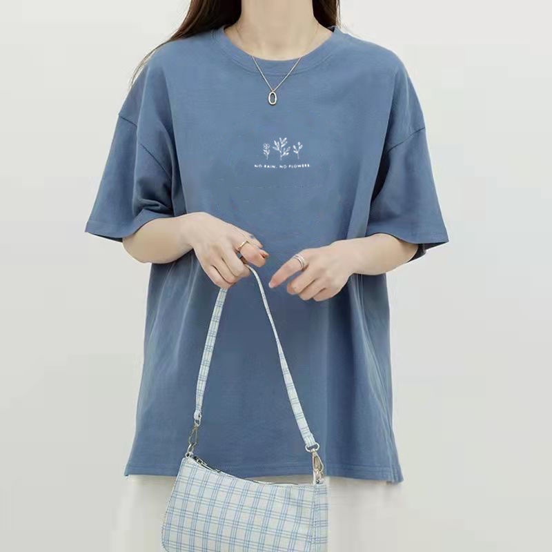 【TBB】韓版圓領短袖t恤女 夏季短袖上衣 休閒T恤 寬鬆植物印花含棉白色ins超火短袖上衣 學生半袖上衣 多色可選擇
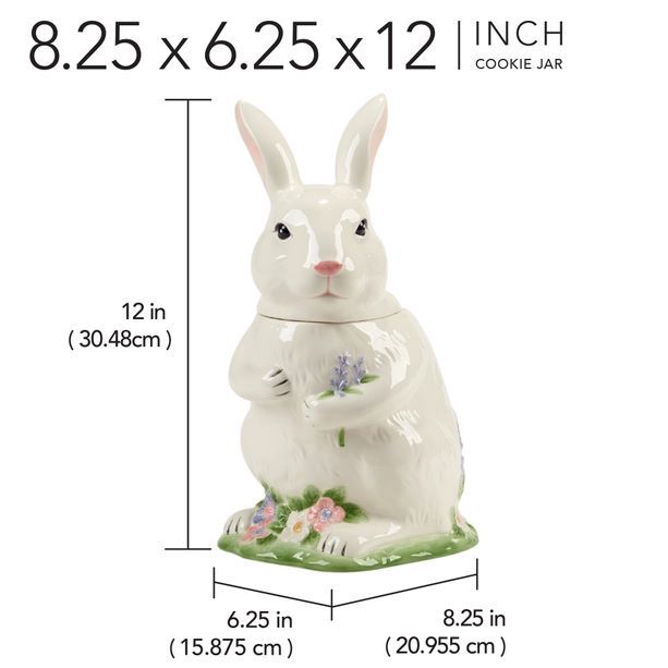 Its charming design features a white bunny with a soft, glossy finish, detailed with delicate floral accents and a hint of greenery at its base. The bunny's upright posture and the tender expression on its face make it an adorable piece that's not just a container but a display-worthy work of art. Imagine this cookie jar sitting on your counter, filled with your favorite treats, bringing a touch of whimsy and joy to your home. It's a functional piece that also serves as a conversation starter, perfect for those who love unique and decorative items in their home.
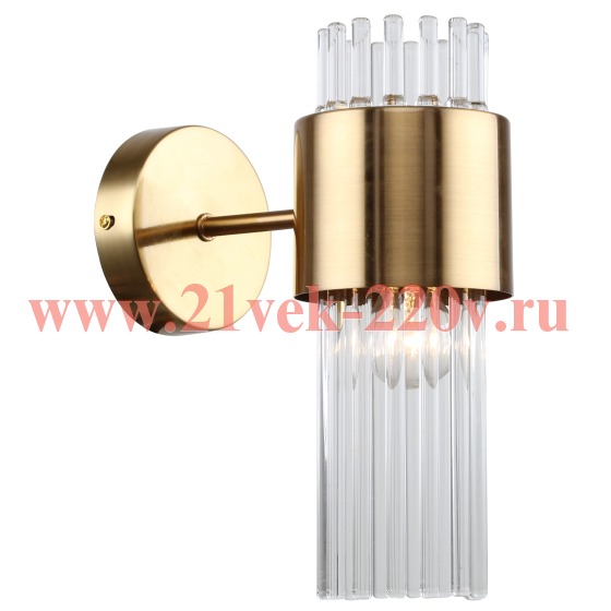 Бра настенное в цвете французское золото, с цилиндрическим плафоном из прозрачных стеклянных трубочек. Источник света для данного бра – лампа Е14 40 Вт (приобретается отдельно). Светильник настенный Rivoli Donna (арт. 3149-401) создаёт яркое дополнительное освещение. Размеры бра: 190*100*260 мм. К данному светильнику настенному можно купить люстры аналогичного дизайна: арт. 3149-305 – под 5 ламп, арт. 3149-307 – под 7 ламп. Коллекцию дополняет светильник подвесной – арт. 3149-201. Дизайнерская коллекция Rivoli Donna выполнена в стиле модерн. Золотые бра Rivoli Deborah украсят стену спальни, гостиной, кабинета, загородного дома. Золотые настенные светильники Deborah подойдут как в современный, так и в классический интерьер. Итальянский бренд Rivoli выпускает аналогичную коллекцию в цвете хром - Rivoli Deborah: арт. 3148-401, 3148-305, 3148-307, 3148-201.
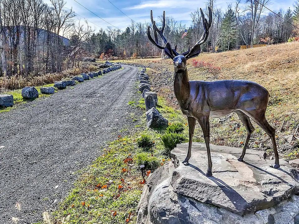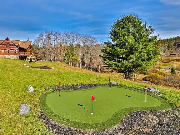 BONUS! This amazing custom log home comes FULLY Furnished with EVERYTHING purchased in 2021 including silverware, cooking equipment, utensils, bedding, linens and ALL the amazing games, pool table, ping pong, etc! EXTRA BONUS!! This amazing home has been a successful Airbnb and the new buyer can transfer this business over if they so choose. "Antler Ridge" is a SUPERHOST and comes with a unique ability to be rented per day that you're not using it, OR it can be taken off the short term rental platforms completely for your own personal enjoyment! Welcome to Antler Ridge Estates! A beautiful, fully furnished, modern but rustic log cabin nestled in the Catskill Mountains of Windham, New York, only 6 minutes from Windham Mountain Ski Resort and 17 minutes to Hunter Mountain. True to its name, this is home to many white-tail deer and it is very common to find them grazing early morning and late in the afternoon in the field. You’ll be greeted the moment you arrive by our stoic Buck statues found at the entrance of the driveway. Continue onward to find Antler Ridge’s breathtaking Estate, privately situated on 6-plus acres with spectacular panoramic mountain views from just about every room and corner of the property. When you enter the home you will walk into the large family room that boasts a high log-beamed vaulted ceiling and large windows to take advantage of the spectacular mountain views. The room has a large sectional sofa, two armchairs, flat-screen TV, and a floor-to-ceiling stone wood-burning fireplace. As you move ahead you will enter the kitchen which is equipped with stainless steel appliances, granite countertops, and a large center island that seats 6. You will also find all plates, glasses, and utensils waiting to be set at the dining table which also seats 6. Continue through to the master bedroom (Bedroom #1) equipped with a flat-screen TV and ensuite which has double sinks, jetted tub, and a stall shower. You can also access the deck from the master bedroom! Walk upstairs to a large but cozy sitting area that overlooks the family room where you can play chess or just relax and read a book, or even watch TV in the family room below. There are 3 bedrooms individually decorated in a woodland/cabin theme. Bedroom #2 has 1 queen bed, Bedroom #3 has 2 full beds, and bedroom #4 has two 2 full beds. A full bathroom complete with a tub/shower combo is centrally located in the main hall. This home sleeps 14 comfortably. Come back down the stairs and head down to the lower level. Yes, we saved the best for last!… a fully furnished walkout game room that has all the ingredients for a good time: a flat-screen TV, foosball, air hockey, ping pong, pool table, poker table, arcade games, a dartboard, bar, and an electric fireplace. This space also leads out to the lower patio with a hot tub, and seasonal seating. And for the kids or gamers who don’t want to leave our fantastic Game Room, you’ll also find bedroom #5 with two twin beds! Lastly, step outside to relax on the deck, soak in the hot tub, grill on the patio, or toast marshmallows around the fire pit! Oh and don’t forget our putting green for the adults to practice and a swing set for the kiddos!! So, come and relax, unwind and enjoy the luxury, quiet, and calmness that the Catskills has to offer. Or, if relaxing isn’t your thing and adventure is, we are located just 4 miles from Windham Mountain which has many trails to ski and snowboard, and snow tubing. There is a sky ride, bike park, golfing, fishing, kayaking, canoeing, and many walking and hiking trails. Although shops and restaurants are only a 10-minute drive away, the area feels peaceful, private, and secluded.
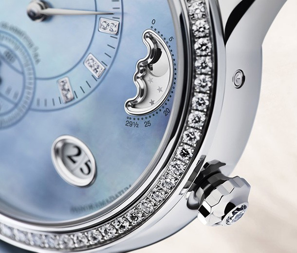 Очаровательный, нежный синий перламутровый циферблат украшает женскую модель PanoMatic Luna. Перламутр собирают из внутреннего слоя раковины некоторых моллюсков. Для достижения желаемого оттенка задняя часть тонкого белого исходного материала тщательно покрывается слоем лака. Циферблат обладает неповторимой естественной зернистостью перламутра, что делает каждый экземпляр часов абсолютно уникальным. Циферблат, безель и коронку часов украшают белые бриллианты. Индикатор панорамной даты обрамлен овальной рамкой. Элегантность PanoMatic Luna дополняется ремешком из кожи луизианского аллигатора. Корпус размером 39.4 мм изготовлен из нержавеющей стали. Часы комплектуются автоматическим механизмом с запасом хода 42 часа.
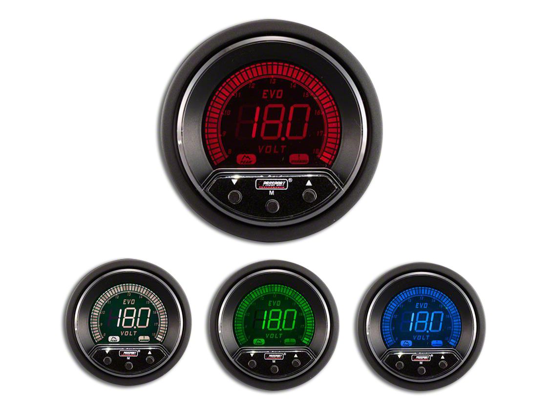 Beautiful Display. This Prosport Evo Volt Gauge features a gorgeous 4 color display. Like Other Premium Evo series gauges, you can select between white, red, blue, and green backlighting with the touch of a button. It also features a fully programmable audible and visual warning function that alerts you when voltage readouts are high.
——————————
WHAT THE EXERCISE ASKS: Wherever an image appears, omit it; copy the rest of the records exactly.

SOLUTION FOR THIS EXERCISE:
 【TBB】韓版圓領短袖t恤女 夏季短袖上衣 休閒T恤 寬鬆植物印花含棉白色ins超火短袖上衣 學生半袖上衣 多色可選擇
 Its charming design features a white bunny with a soft, glossy finish, detailed with delicate floral accents and a hint of greenery at its base. The bunny's upright posture and the tender expression on its face make it an adorable piece that's not just a container but a display-worthy work of art. Imagine this cookie jar sitting on your counter, filled with your favorite treats, bringing a touch of whimsy and joy to your home. It's a functional piece that also serves as a conversation starter, perfect for those who love unique and decorative items in their home.
 Бра настенное в цвете французское золото, с цилиндрическим плафоном из прозрачных стеклянных трубочек. Источник света для данного бра – лампа Е14 40 Вт (приобретается отдельно). Светильник настенный Rivoli Donna (арт. 3149-401) создаёт яркое дополнительное освещение. Размеры бра: 190*100*260 мм. К данному светильнику настенному можно купить люстры аналогичного дизайна: арт. 3149-305 – под 5 ламп, арт. 3149-307 – под 7 ламп. Коллекцию дополняет светильник подвесной – арт. 3149-201. Дизайнерская коллекция Rivoli Donna выполнена в стиле модерн. Золотые бра Rivoli Deborah украсят стену спальни, гостиной, кабинета, загородного дома. Золотые настенные светильники Deborah подойдут как в современный, так и в классический интерьер. Итальянский бренд Rivoli выпускает аналогичную коллекцию в цвете хром - Rivoli Deborah: арт. 3148-401, 3148-305, 3148-307, 3148-201.
 BONUS! This amazing custom log home comes FULLY Furnished with EVERYTHING purchased in 2021 including silverware, cooking equipment, utensils, bedding, linens and ALL the amazing games, pool table, ping pong, etc! EXTRA BONUS!! This amazing home has been a successful Airbnb and the new buyer can transfer this business over if they so choose. "Antler Ridge" is a SUPERHOST and comes with a unique ability to be rented per day that you're not using it, OR it can be taken off the short term rental platforms completely for your own personal enjoyment! Welcome to Antler Ridge Estates! A beautiful, fully furnished, modern but rustic log cabin nestled in the Catskill Mountains of Windham, New York, only 6 minutes from Windham Mountain Ski Resort and 17 minutes to Hunter Mountain. True to its name, this is home to many white-tail deer and it is very common to find them grazing early morning and late in the afternoon in the field. You’ll be greeted the moment you arrive by our stoic Buck statues found at the entrance of the driveway. Continue onward to find Antler Ridge’s breathtaking Estate, privately situated on 6-plus acres with spectacular panoramic mountain views from just about every room and corner of the property. When you enter the home you will walk into the large family room that boasts a high log-beamed vaulted ceiling and large windows to take advantage of the spectacular mountain views. The room has a large sectional sofa, two armchairs, flat-screen TV, and a floor-to-ceiling stone wood-burning fireplace. As you move ahead you will enter the kitchen which is equipped with stainless steel appliances, granite countertops, and a large center island that seats 6. You will also find all plates, glasses, and utensils waiting to be set at the dining table which also seats 6. Continue through to the master bedroom (Bedroom #1) equipped with a flat-screen TV and ensuite which has double sinks, jetted tub, and a stall shower. You can also access the deck from the master bedroom! Walk upstairs to a large but cozy sitting area that overlooks the family room where you can play chess or just relax and read a book, or even watch TV in the family room below. There are 3 bedrooms individually decorated in a woodland/cabin theme. Bedroom #2 has 1 queen bed, Bedroom #3 has 2 full beds, and bedroom #4 has two 2 full beds. A full bathroom complete with a tub/shower combo is centrally located in the main hall. This home sleeps 14 comfortably. Come back down the stairs and head down to the lower level. Yes, we saved the best for last!… a fully furnished walkout game room that has all the ingredients for a good time: a flat-screen TV, foosball, air hockey, ping pong, pool table, poker table, arcade games, a dartboard, bar, and an electric fireplace. This space also leads out to the lower patio with a hot tub, and seasonal seating. And for the kids or gamers who don’t want to leave our fantastic Game Room, you’ll also find bedroom #5 with two twin beds! Lastly, step outside to relax on the deck, soak in the hot tub, grill on the patio, or toast marshmallows around the fire pit! Oh and don’t forget our putting green for the adults to practice and a swing set for the kiddos!! So, come and relax, unwind and enjoy the luxury, quiet, and calmness that the Catskills has to offer. Or, if relaxing isn’t your thing and adventure is, we are located just 4 miles from Windham Mountain which has many trails to ski and snowboard, and snow tubing. There is a sky ride, bike park, golfing, fishing, kayaking, canoeing, and many walking and hiking trails. Although shops and restaurants are only a 10-minute drive away, the area feels peaceful, private, and secluded.
 Очаровательный, нежный синий перламутровый циферблат украшает женскую модель PanoMatic Luna. Перламутр собирают из внутреннего слоя раковины некоторых моллюсков. Для достижения желаемого оттенка задняя часть тонкого белого исходного материала тщательно покрывается слоем лака. Циферблат обладает неповторимой естественной зернистостью перламутра, что делает каждый экземпляр часов абсолютно уникальным. Циферблат, безель и коронку часов украшают белые бриллианты. Индикатор панорамной даты обрамлен овальной рамкой. Элегантность PanoMatic Luna дополняется ремешком из кожи луизианского аллигатора. Корпус размером 39.4 мм изготовлен из нержавеющей стали. Часы комплектуются автоматическим механизмом с запасом хода 42 часа.
 Beautiful Display. This Prosport Evo Volt Gauge features a gorgeous 4 color display. Like Other Premium Evo series gauges, you can select between white, red, blue, and green backlighting with the touch of a button. It also features a fully programmable audible and visual warning function that alerts you when voltage readouts are high.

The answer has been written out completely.